Это помещение было гостиной, довольно большой, с окнами на улицу. Когда я жил здесь, здесь не было избытка вещей, ввезенных Броком после меня. Мольберты, гипс, ящики и корзины с наваленными на них бельем и одеждой, загромождали проход между стульями, расставленными случайно. На рояле стояла горка тарелок с ножиком и вилкой поверх, среди кожуры от огурца. Оконные пыльные занавеси были разведены углом, весьма неряшливо. Старый ковер с дырами, следами подошв и щепным мусором, дымился у печки, в том месте, где на него выпал каленый уголь. Посредине потолка горела электрическая лампочка; при дневном свете напоминала она клочок желтой бумаги.

На стенах было много картин, частью написанных Броком. Но я не рассматривал их. Согревшись, ровно и тихо дыша, я думал о неуловимой музыкальной мысли, твердое ощущение которой появлялось всегда, как я прислушивался к этому мотиву — «Фанданго». Хорошо зная, что душа звука непостижима уму, я, тем не менее, пристально приближал эту мысль, и, чем более приближал, тем более далекой становилась она.
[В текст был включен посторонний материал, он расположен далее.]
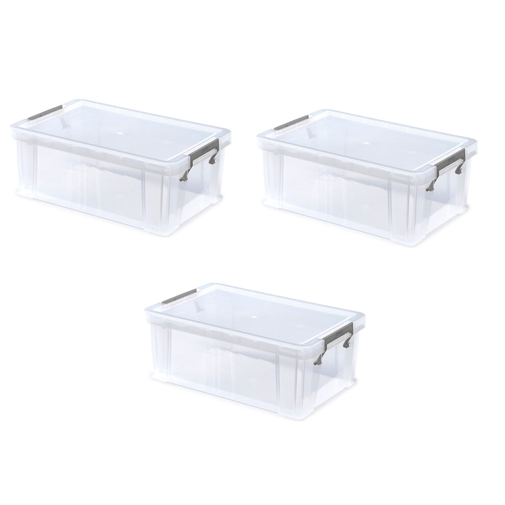 3 10L Clear Stacking Storage Boxes Clip Lock Lid Allstore A4 Storage 40x26x15cm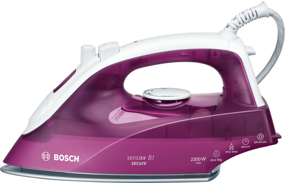 Три - счастливое число - это касается и срока службы прибора. Система защиты 3 AntiCalc обеспечивает идеальный пар без частичек накипи и включает в себя 3 вида защиты от накипи: Self clean, calc'n'clean и AntiCalc. Более долгий срок службы утюга.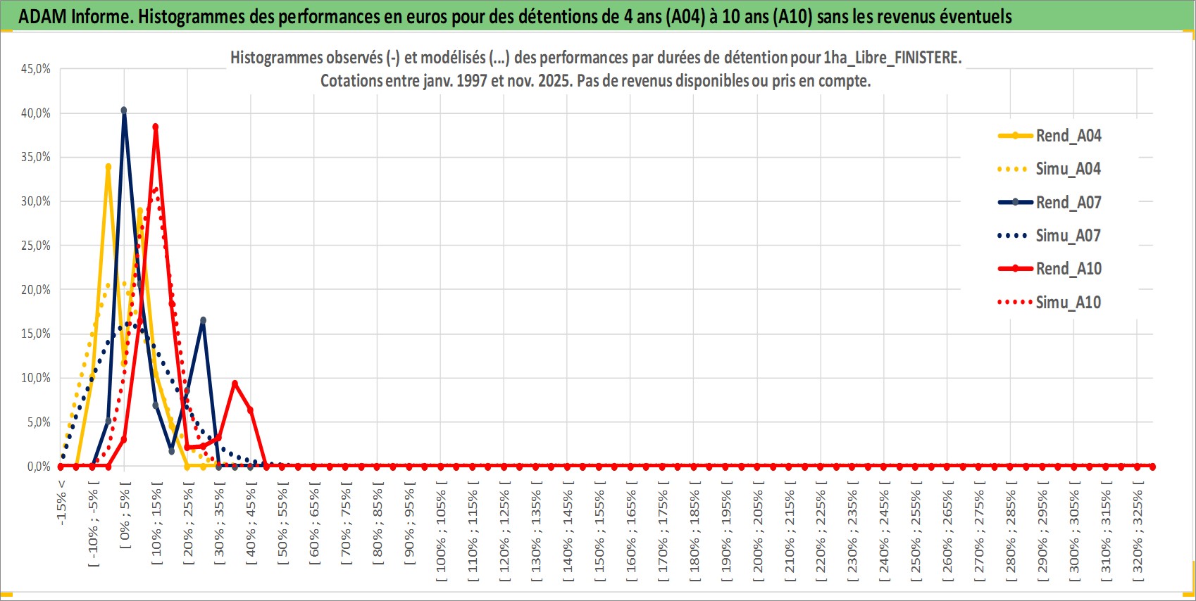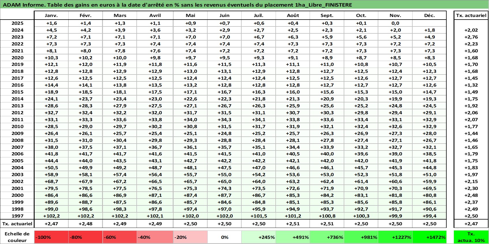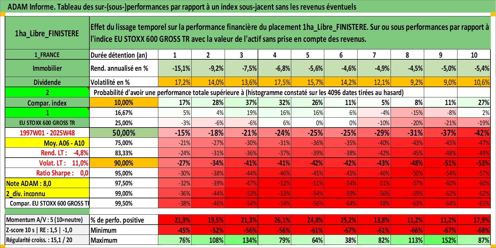 Site dédié aux investisseursPage dédiée sur site financeAnalyse des valorisations hebdomadaires de l'actif 1ha_Libre_FINISTERE. Cet actif est cote en EUR. Les valorisations couvrent les semaines 1997W01 a 2025W48. Les fermages de ce bien foncier sont pris egaux a 2,5% annuels de la valeur venale du bien.

Толчок новому ощущению дало временное потускнение лампочки, то есть в сером ее стекле появилась красная проволока — знакомое всем явление. Помигав, лампочка загорелась опять.

Чтобы понять последовавший затем странный момент, необходимо припомнить обычное для нас чувство зрительного равновесия. Я хочу сказать, что, находясь в любой комнате, мы привычно ощущаем центр тяжести заключающего нас пространства, в зависимости от его формы, количества, величины и расположения вещей, а также направления света. Все это доступно линейной схеме. Я называю такое ощущение центром зрительной тяжести.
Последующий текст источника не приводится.